Only the lines from the one containing "σύμπραξη φορέων και…" to the end of the material are to be copied, exactly and in full; images stay out.

※ ※ ※

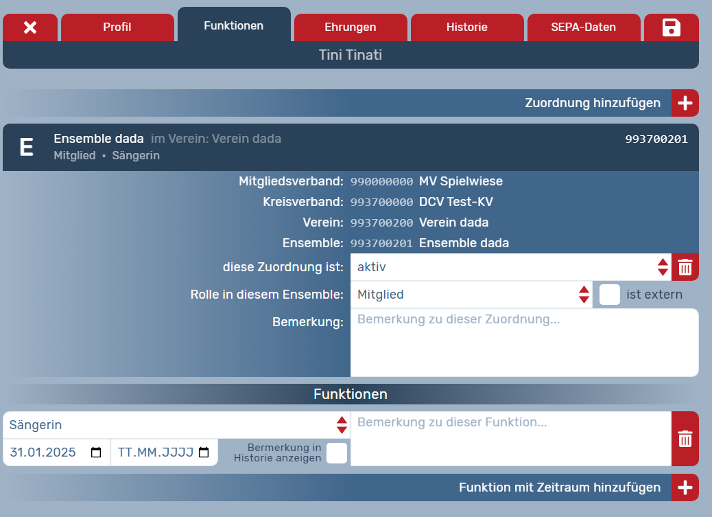 - Die Person ist als aktives Mitglied einem Ensemble eines Vereins zugeordnet (das gilt auch für die Rollen E-Administrator:in und E-Leser:in).
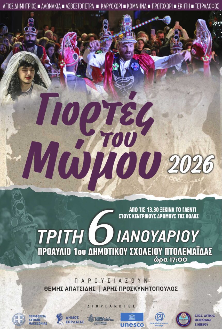 «Γιορτές του Μώμου 2026» Οι Μωμόγεροι στην Πτολεμαΐδα την Τρίτη 6 Ιανουαρίου 2026 και ώρα 5μμ στο 1ο Δημοτικό Σχολείο Η εκδήλωση υλοποιείται μέσα από μια ουσιαστική σύμπραξη φορέων και…
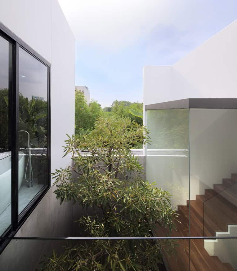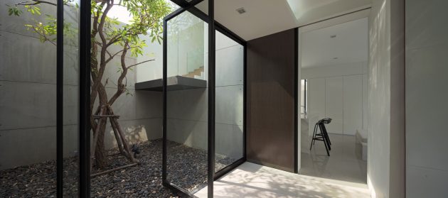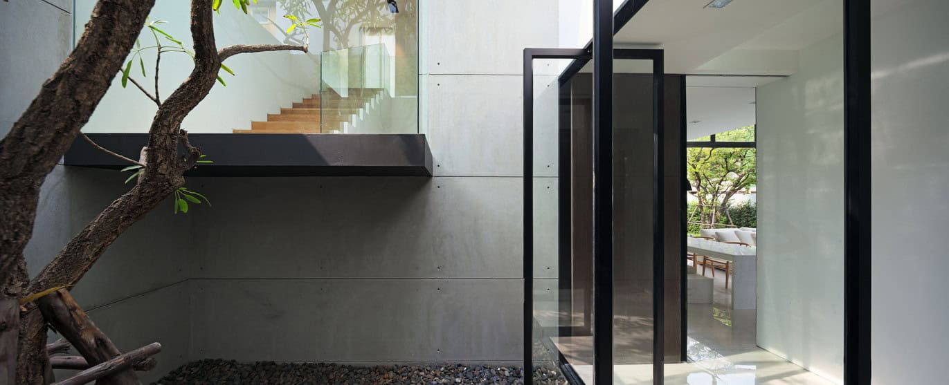 The ground floor is arranged as a Thai traditional house design with a central courtyard that functions as a feature foyer and distributor before accessing to the main living space. A staircase enclosed in a glass box is floating over this underlying front garden as a main feature for the entrance.
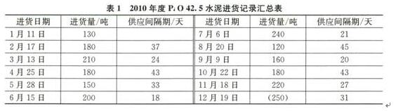 1、【背景资料】某企业2010年度P.0 42.5水泥的实际进货记录如表1所示。由于施工项目任务量大,2011年度计划需用P.0 42.5水泥2 050 t,HRB400钢筋4 000 t。
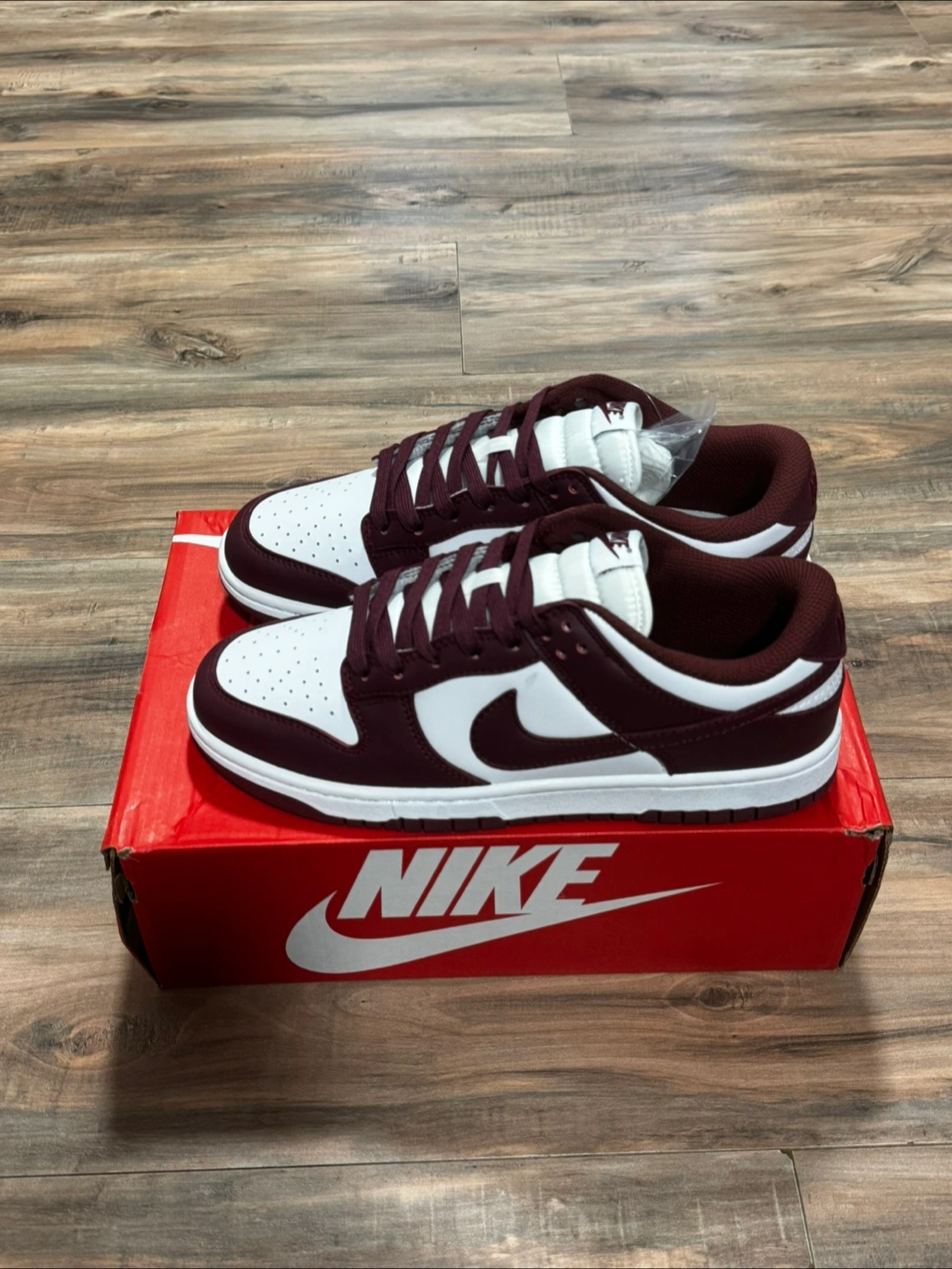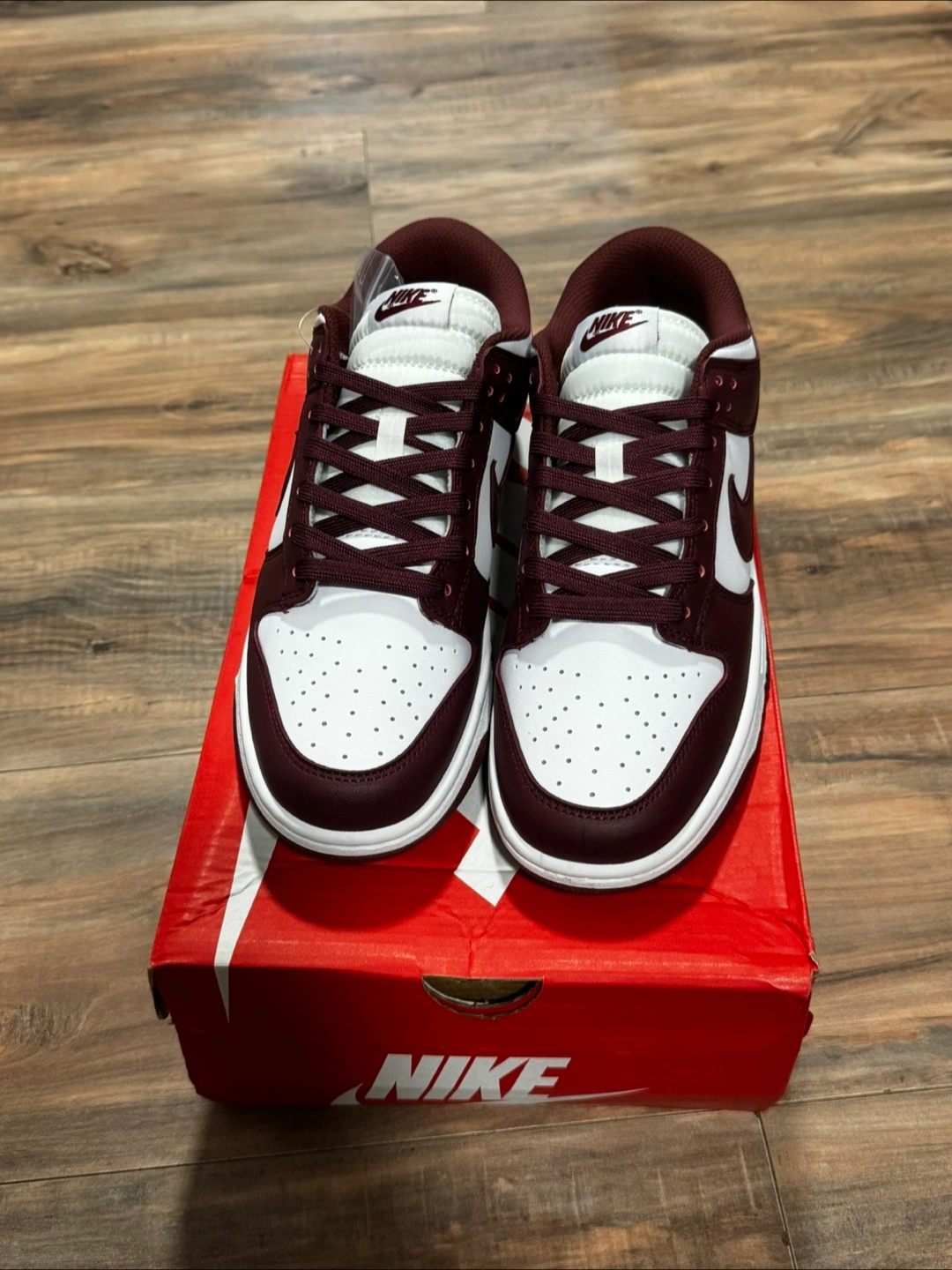 Here are a pair of Nike Dunk Low shoes in a stylish maroon colour! They are size US 8.5 and come with the original box. Perfect for everyday wear or adding to your sneaker collection

※ ※ ※

RESPONSE AREA =
 «Γιορτές του Μώμου 2026» Οι Μωμόγεροι στην Πτολεμαΐδα την Τρίτη 6 Ιανουαρίου 2026 και ώρα 5μμ στο 1ο Δημοτικό Σχολείο Η εκδήλωση υλοποιείται μέσα από μια ουσιαστική σύμπραξη φορέων και…
 The ground floor is arranged as a Thai traditional house design with a central courtyard that functions as a feature foyer and distributor before accessing to the main living space. A staircase enclosed in a glass box is floating over this underlying front garden as a main feature for the entrance.
 1、【背景资料】某企业2010年度P.0 42.5水泥的实际进货记录如表1所示。由于施工项目任务量大,2011年度计划需用P.0 42.5水泥2 050 t,HRB400钢筋4 000 t。
 Here are a pair of Nike Dunk Low shoes in a stylish maroon colour! They are size US 8.5 and come with the original box. Perfect for everyday wear or adding to your sneaker collection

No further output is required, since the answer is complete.